As I mentioned when discussing the user interface at the start of this post when the iPad toolbar system action button is touched the action sheet, if it is already visible, should be dismissed. So the first thing we do is check if the action sheet is visible and dismiss it if it is. You can dismiss an action sheet using the dismissWithClickedButtonIndex:animated method. Since in this case we do not want to specify an action we pass a button index (-1) that we are sure does not correspond to a valid button.

We perform a similar test for the printer options window using the picVisible property we previously defined to keep track of when the print interaction controller view is displayed. One potential pitfall here is that when we call dismissAnimated on the shared print controller to dismiss the printer options it appears that the corresponding delegate method (printInteractionControllerDidDismissPrinterOptions) is not called. To ensure we keep track of when the printer options are visible we need to clear the boolean picVisible property at this point rather than relying on the call to the delegate method to do it for us.

Finally if we are sure that we are not dismissing either the action sheet or the printer options we can present the action sheet to the user. The way we present the action sheet depends on whether we are running on the iPhone or iPad so we again use UI_USER_INTERFACE_IDIOM to select the correct method. For the iPad the action sheet is shown using showFromBarButtonItem:animated so that it originates from the action button on the toolbar. On the iPhone the showInView method is used and the view is presented modally sliding up from the bottom.

Handling Action Sheet Delegate Methods

When the UIActionSheet is created the delegate is set to the current view controller (self) which must then implement actionSheet:clickedButtonAtIndex: to process the buttons we added to the sheet.

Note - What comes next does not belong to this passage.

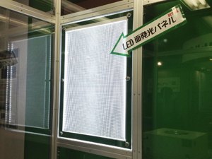 今回初めてLED面発光パネルを展示しました。板材として組み込んでいます。

The implementation of this method in our WebViewController is simple:

- (void)actionSheet:(UIActionSheet *)actionSheet
        clickedButtonAtIndex:(NSInteger)buttonIndex {

  switch (buttonIndex) {
    case 0:
      [self openInBrowser];
      break; 

    case 1:
      [self openInEmail];
      break;

    case 2:
      [self printWebView];
      break;

    default:
      break;
  }
}

Depending on which button was touched (if any) we invoke the appropriate action method to open the link in an external browser, open an email message containing the link or to print the web view. We have already seen the printWebView method in the previous posts and the openInBrowser and openInEmail methods are trivial so I will not show the details here (refer to the example code if you are interested).

Finishing Up

There is one final iPad related issue we need to take care of before we are done which is to handle dismissing the popover window when the WebViewController view disappears. Since on the iPad the UIActionSheet is presented as a popover rather than modally there is nothing to stop the user touching the back button to return to the home screen. In that situation we need to make sure we remove the popover window from the screen. The viewWillDisappear method already contains some code to dismiss the printer options window so we can make a small modification to also check for and dismiss the action sheet as follows:

- (void)viewWillDisappear:(BOOL)animated {
  ...

  if (UI\_USER\_INTERFACE_IDIOM() == UIUserInterfaceIdiomPad) {

    if ([self isPicVisible]) {
      UIPrintInteractionController *pc = [UIPrintInteractionController
                                          sharedPrintController];
      [pc dismissAnimated:animated];
      self.picVisible = NO;
    }

    if ([self.actionSheet isVisible]) {
      [self.actionSheet dismissWithClickedButtonIndex:-1 animated:NO];
    }
  }
}

As always the example code for this post can be found here or in my CodeExamples git hub repository.